Снова осмотревшись и не заметив рядом ничего подозрительного, Ловчин устремился на юг, туда, где было его спасение. И в это время впереди он услышал шум. Кто-то громко разговаривал, почти кричал. Грязная ладонь Андрея крепко сжала рукоять пистолета, и он задумался. Что делать? Назад нельзя, второй раз перебраться через ручей будет трудно и на противоположном берегу слишком крутой откос. Из оврага не подняться, опять же крутые склоны. На месте оставаться опасно, здесь он мишень. Значит, вперед? Да, иного выхода нет.

Решение было принято и матрос, осторожно ступая по редкой пожухлой траве, направился на выход из оврага. Он прошел метров сто пятьдесят, может быть, чуть больше. На выходе из низины затаился и раздвинул колкие разлапистые ветки кавказского можжевельника. Перед ним небольшая полянка и черноморец увидел как метрах в десяти от него, под большим буком, двое крепких мужчин в гражданских полупальто с винтовками в руках, азартно хекая, ногами и прикладами колошматят моряка. Братишка, которого контрики забивали насмерть, оказался Ильей Петренко, и позже, анализируя сложившуюся ситуацию, Ловчин сам себе признался, что кого другого, он, скорее всего, бросил бы на произвол судьбы. Но Илья был "своим", верным другом, который для Андрея значил столько же, сколько все остальные братишки вместе взятые. Поэтому над вопросом, помочь Петренко или нет, он не задумывался.

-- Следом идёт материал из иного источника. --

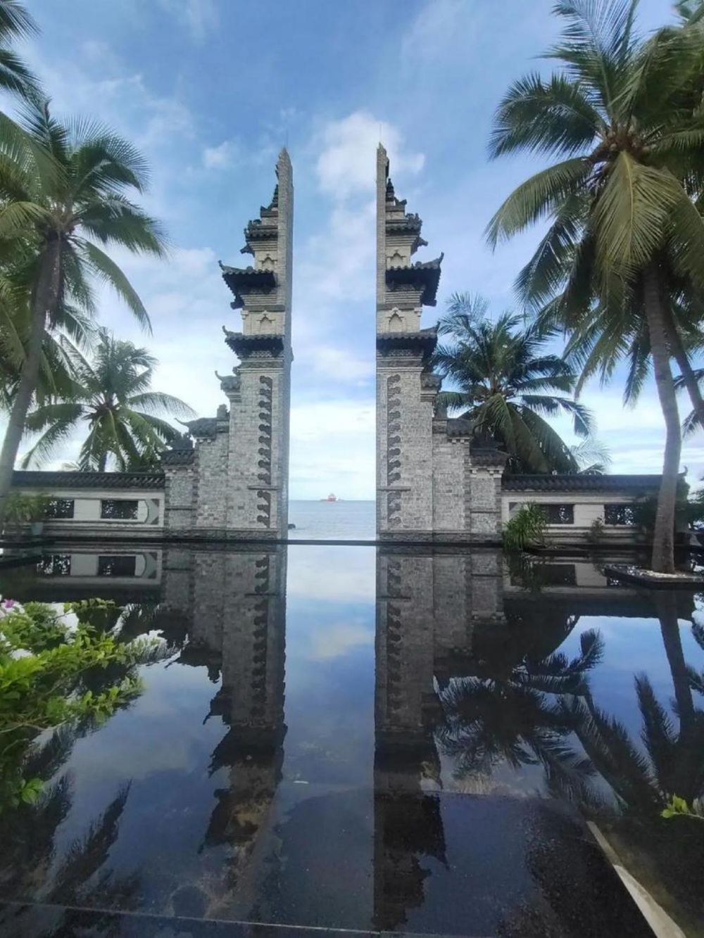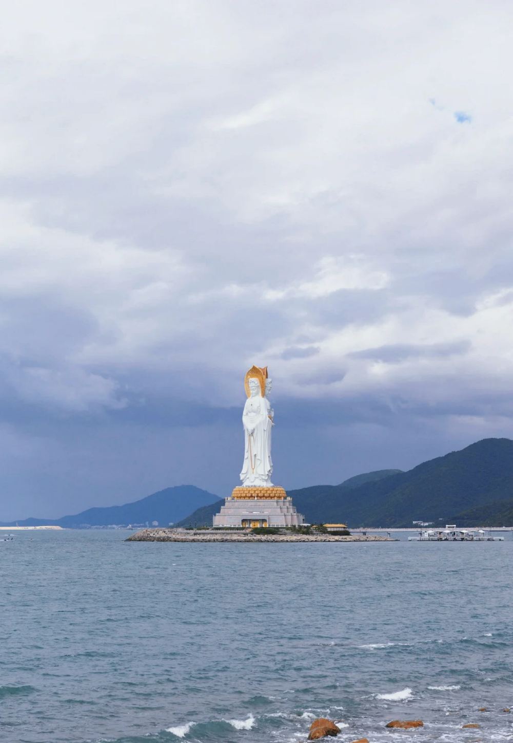 ▲ 南山海上观音圣像,高108米,巍然屹立于南海之滨。为一体化三尊造型,一面手持莲花,一面手持经书,一面手持佛珠,分别寓意智慧、平安与慈悲。

Сделав глубокий вдох, Ловчин перехватил за ствол пистолет, из которого сейчас, чтобы не привлечь внимания других врагов, стрелять нельзя, и проломился через можжевельник. Он бросился на людей в штатском, которые были беспечны, и не ожидали его появления, а затем рукояткой пистолета ударил ближнего противника в височную кость.

Хруст! Первый противник, покачиваясь, упал, и Андрей кинулся на второго. Однако его подвели мокрые отяжелевшие брюки, которые зацепились за еле заметно выглядывающий из серой земли корень. Заминка. И этим без промедления воспользовался контрик, который оказался ловкачом, и прикладом "мосинки", быстро и точно, снизу вверх, приложился в грудь матроса.

Андрей задохнулся, а тут новый удар, уже в голову. И хотя белогвардеец смазал, соприкосновение с прикладом произошло вскользь, Ловчин поплыл и опустился на колени.

- Ну, сука! - выдохнул контрик. - Хана тебе!

Приклад медленно поднялся над матросом. Вся жизнь пронеслась у сигнальщика с "Гаджибея" перед глазами, и он уже попрощался с белым светом. Однако враг забыл про Петренко, а тот, парень двужильный, оклемался, встал за его спиной, и кортиком, который раньше принадлежал капитану второго ранга Пышнову, ударил врага в бок.

Мужчина в полупальто захрипел и выронил винтовку из рук. Трехлинейка плашмя упала на спину Ловчина и, соскользнув с нее, черной палкой легла на корневище, за которое зацепились некогда роскошные клеши моряка. Илья в это время не останавливался. Он наносил один удар за другим. И даже когда белогвардеец, в предсмертной агонии суча ногами, рухнул поверх своего оружия, то и тогда, он пускал оскаленным ртом кровавые пузыри, матерился и продолжал кровянить офицерский кортик на всю длину клинка.

- Спокойно, братишка, - остановил его пришедший в себя Ловчин. - Хватит! Сдох, гад!

Мутным взором Петренко окинул взглядом своего командира и, с тоской в голосе, спросил:

- Что же ты нас бросил, Андрюха? Как же так? Ведь мы шли за тобой и верили тебе.

- Так получилось, Илья, - Ловчин поднялся. - Сам себя за гибель братвы виню. Зато тебя выручил.

- Да, это так, - согласился молодой матрос. - Но парней не вернешь.

- Прекрати! - прикрикнул на матроса Андрей и протянул ему руку. - Вставай! Пора валить отсюда, пока беляки не подтянулись.

Илья, с помощью Ловчина, встал, рукавом бушлата отер с лица кровь и спросил командира:

- Куда идти?

- Туда, - Андрей взмахнул рукой в сторону, где, по его мнению, находилось море, и сам задал Илье вопрос: - А ты, кстати, как спасся?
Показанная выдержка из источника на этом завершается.